Keywords: water demand management, price elasticity, change in water tariff, block tariff, WC/WDM model
Limited water supplies and increasing water demands mean that the effective management of water resources has become much more important now than in the past. The implementation of WC/WDM projects is usually used as a crisis management tool to reduce immediate water shortage and to allow time for the planning and construction of infrastructure to increase water supply. In the current economic climate, it is however important to incorporate WC/WDM into integrated water resource management and to evaluate WC/WDM as an economically viable option.
Different models (e.g. as presented by Hoffman, 2011) are available to evaluate WC/WDM options. Some of these models focus on the economic evaluation of WC/WDM options while others estimate the impact that the implementation of different WC/WDM options have had or will have on water consumption. Economic evaluation models include aspects such as the deferral of capital, economic sustainability and calculation of unit reference values (URV), while the implementation models have focused on the impact WC/WDM projects such as meter replacement (Noss et al., 1987), pressure management and leak detection have had or will have on water consumption and income.

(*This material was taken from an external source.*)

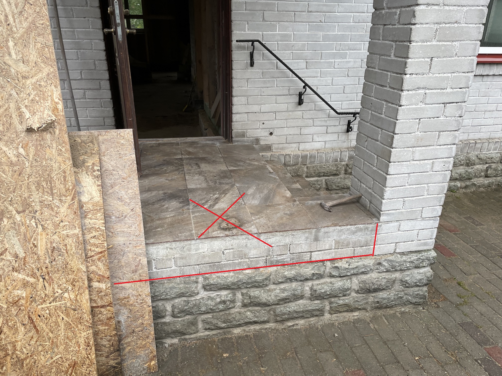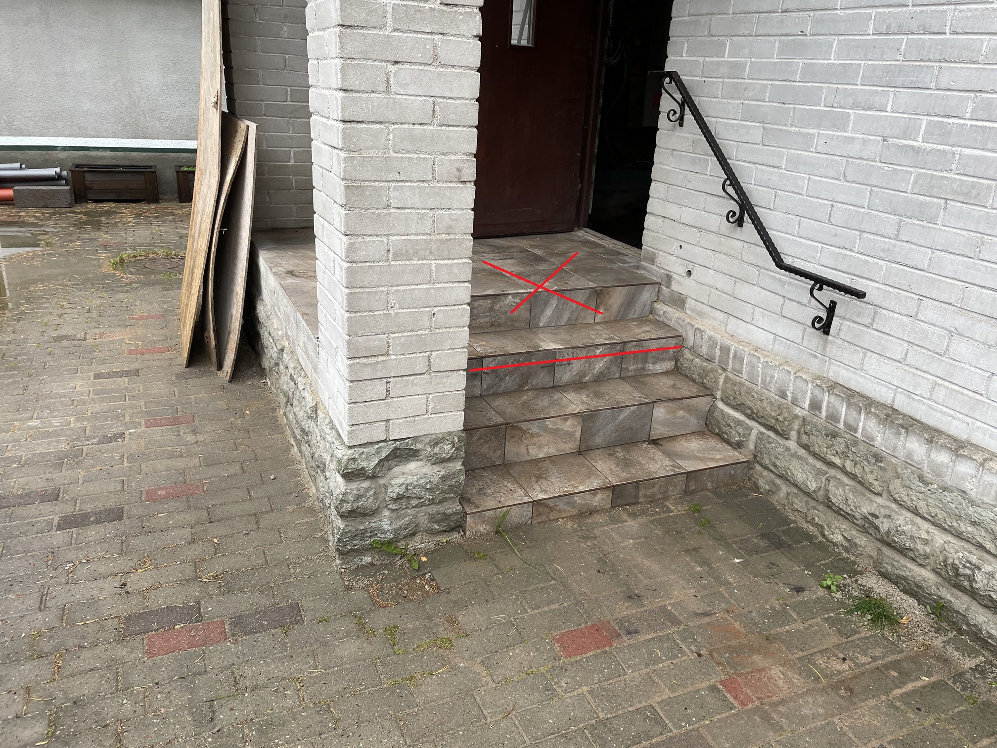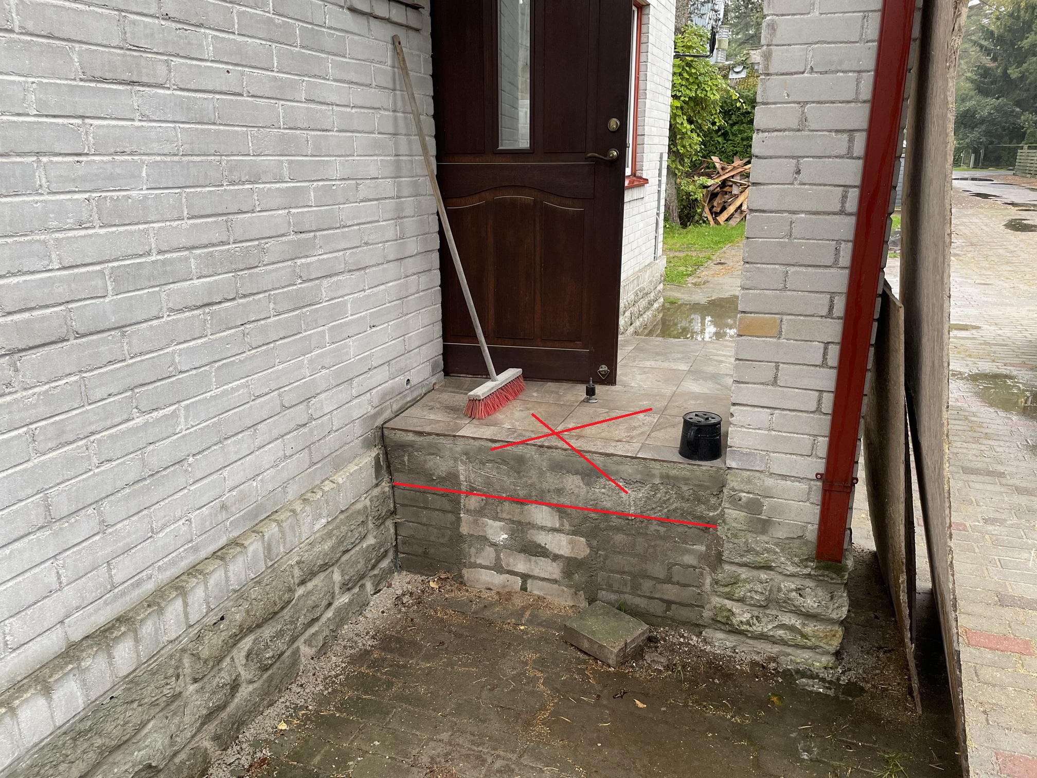Trepi kõrgus jääks paekivi vundamendi äärega tasa kuna uus välisuks läheb madalamale.

Jansen and Schulz (2006) focused on the evaluation of the factors influencing WC/WDM, i.e., climate, revenue and pricing. Regression analysis was done on the impacts thereof and price elasticity was calculated based on these values. No attempt was however made to quantify the economic impact a change in a block water tariff has on price elasticity. Nataraj and Hanemann (2011) analysed the impact of the introduction of a third price block on residential water consumption in Santa Cruz, and concluded that consumers who expected to face the higher marginal price in the 3rd block would reduce their consumption.
This paper presents a novel, robust WC/WDM model that was developed to estimate the change in consumption as well as the expected revenue due to a change in water tariff. The model takes into account a block tariff structure and incorporates the possibility that consumers will react differently to tariff increases depending on their current consumption patterns. In their study, Klaiber et al. (2013) presented a similar estimation of water consumption with a 2-block pricing structure incorporating monthly and seasonal variations. Data related to all of the variations in their model are not necessarily available from relatively small South African municipalities. The model presented in this paper was however developed for a 6-block pricing structure and allows for limited available input data from municipalities. An example was used to illustrate the impact of a change of water tariff on consumption as well as the associated revenue for municipalities.
Changing the water tariff
The relationship between the cost of water and consumption is described as price elasticity. Price elasticity can be illustrated with the use of a combination of different graphs, presented in Figs. 1 to 3. The relationship in its simplest form can be presented as a linear relationship - consumption (Q) linearly decreases as the price of water (P) increases. The relationship may also be represented by an arc illustrated in Fig. 2 (Veck and Bill, 2000). In this representation, the consumption gradually decreases as the price increases.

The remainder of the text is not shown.